Innovative Design and Mechanisms

  • Hydrogel Coordination Engineering: A cross-linked polymer matrix of polyacrylamide (PAM), carboxymethyl cellulose (CMC), and ethylene glycol (EG) disrupts continuous hydrogen-bond networks among water molecules. This reduces proton mobility, suppresses hydrogen evolution, and prevents zinc corrosion.
  • Molecular-Level Optimization: DFT and molecular dynamics simulations confirm water molecules preferentially bind with EG, CMC, and PAM rather than with each other, stabilizing a reconstructed multi-hydrogen-bond network.
  • Structural Strength and Ionic Transport: The semi-interpenetrating network enhances mechanical durability while interconnected pore channels facilitate uniform Zn2+ transport, yielding a high Zn2+ transference number (0.89) and smooth, dendrite-free zinc deposition.

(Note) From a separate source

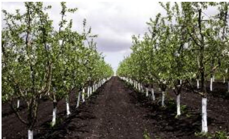
W ramach ułatwień dla rolników w realizacji działania „Rolnictwo ekologiczne” PROW 2014-2020 umożliwiono m.in. otrzymywanie płatności ekologicznej do sadów mieszanych

• rozszerzenia możliwości otrzymywania płatności ekologicznej w przypadku stosowania praktyk sprzyjających wzbogacaniu gleby w materię organiczną (nawóz zielony).

Applications and Future Outlook

  • Wearable Energy Storage: The flexible Zn||PANI device operates under extreme bending and twisting, maintaining over 85% capacity after 1,000 bending cycles—ideal for smart textiles, portable sensors, and medical wearables.
  • Cold-Climate Electronics: Stable performance at ultra-low temperatures opens doors for aerospace, polar research, and defense applications.
  • Grid-Scale Storage: By mitigating dendrites and corrosion across a wide temperature range, HEA-3 electrolytes could boost the safety and lifespan of large-scale zinc-based energy storage systems.

Looking ahead, the team envisions expanding this water coordination regulation strategy to other metal-ion systems, exploring new polymer frameworks and stimuli-responsive functionalities. This work marks a decisive step toward creating flexible, high-stability, all-weather energy storage devices ready to perform where conventional batteries cannot.